Background.—Preliminary data from an open-label study suggested that the zolmitriptan conventional tablet could be effective in the treatment of acute migraine in adolescent patients.

Methods.—Migraine patients aged 12 to 17 years (n = 850) were randomized to receive zolmitriptan 2.5, 5, or 10 mg, or placebo for treatment of a single migraine attack.

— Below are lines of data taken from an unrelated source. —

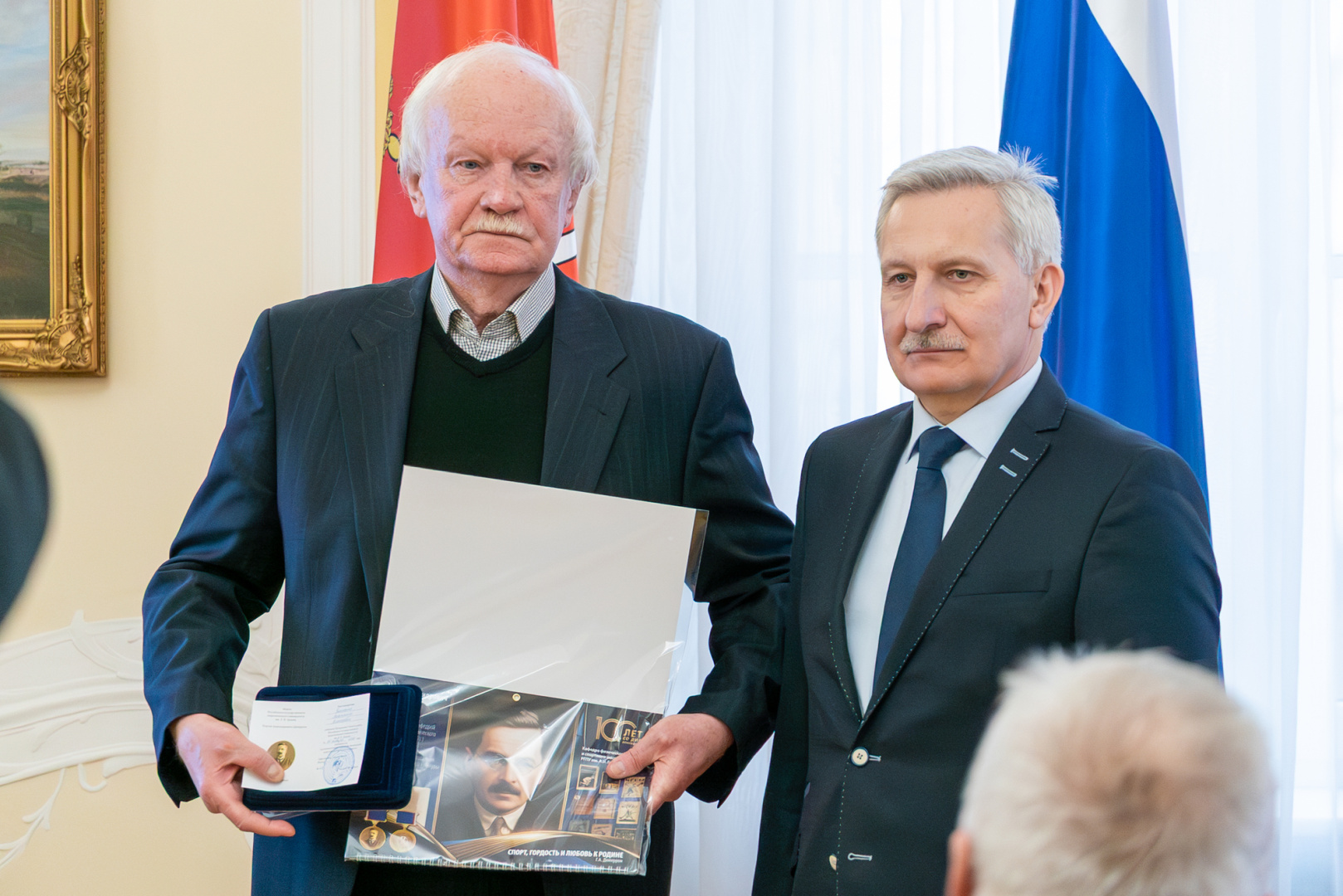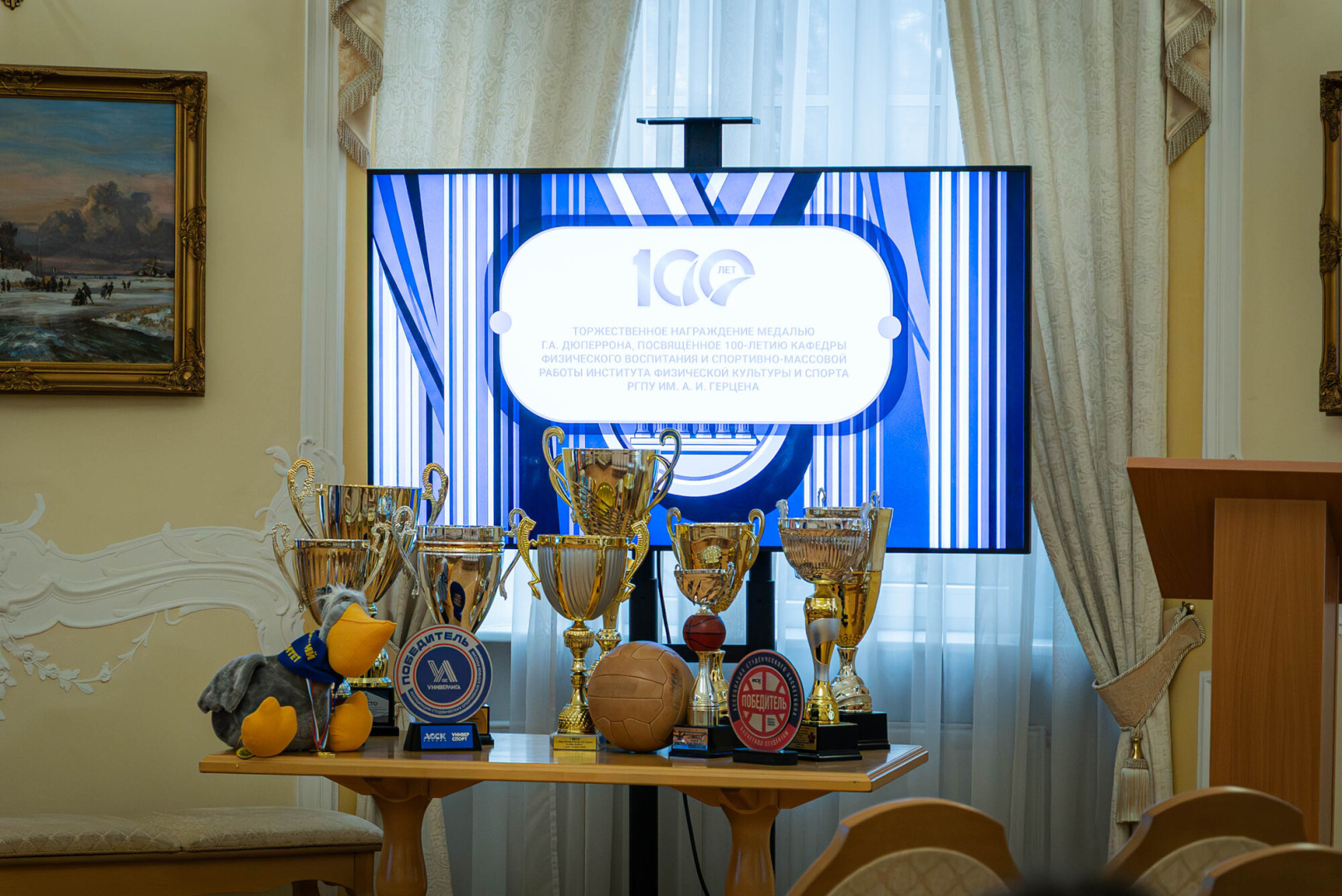 К 100-летнему юбилею кафедры физического воспитания и спортивно-массовой работы института физической культуры и спорта в Герценовском университете вручили юбилейные медали Георгия Александровича Дюперрона — основоположника российского футбола и олимпийского движения, первого заведующего кафедрой.
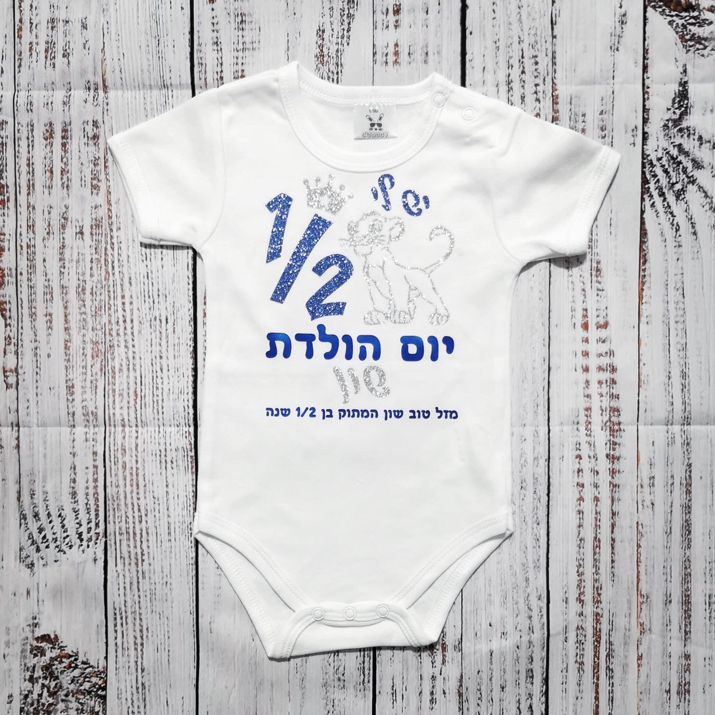 בגד לתינוק יום הולדת חצי שנה סימבה בעברית
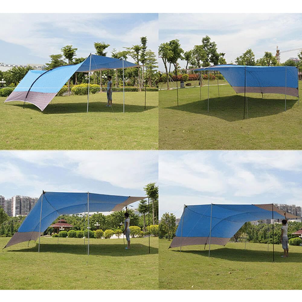 - 【ADJUSTABLE GIGANTE TENT FOR BEACH】The camping tarp is a multi-functional shelter which have many different ways to use and perfectly suitable for climbing,camping,fishing,travelling and party etc.
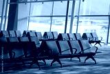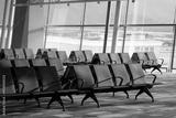 Sunlight streams across empty rows of orange and grey seats inside a modern airport departure lounge
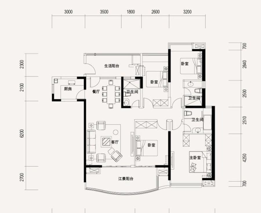 4栋01户型-4室2厅3卫-166.0㎡
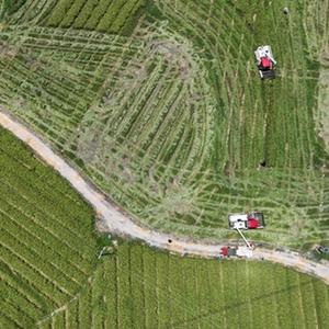 8月11日,農技人員在貴州省黔東南苗族侗族自治州岑鞏縣注溪鎮周坪村雜交水稻制種基地采收種稻(無人機照片)。
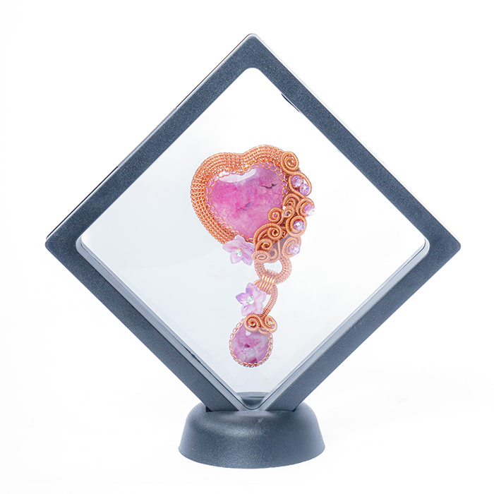 Produk ini dibuat dengan menggunakan batu cabochon yang permukaannya datar yang berbentuk love dibuat dengan aksen penuh yang menyerupai penuh dengan bunga.

Patients recorded migraine headache intensity before and after treatment using a 4-point scale.

Results.—There was no statistically significant improvement between zolmitriptan 10 mg (2 × 5 mg tablet) and placebo for the primary efficacy variable, headache response at 2 hours, nor any of the secondary variables tested. Two-hour headache response rates were 54%, 53%, and 57% for zolmitriptan 10, 5, and 2.5 mg, respectively, and 58% for placebo. Two-hour pain-free rates were 25%, 19%, and 23% for zolmitriptan 10, 5, and 2.5 mg, respectively, and 20% for placebo. Zolmitriptan was well tolerated, with a tolerability profile similar to the pattern seen in adults.

Conclusion.—The similar efficacy between zolmitriptan and placebo appears to be the result of the high placebo response rate. This is a recognized issue in pediatric migraine studies and there is an ongoing debate on ways to address this problem. Since this study was initiated, there has been some debate on the appropriateness of the 2-hour endpoint for response rates in adolescent studies, given the shorter duration of headache pain in adolescents compared with adults. Furthermore, accurate information regarding the timeliness of treatment and reporting of headache-related information by adolescents is difficult.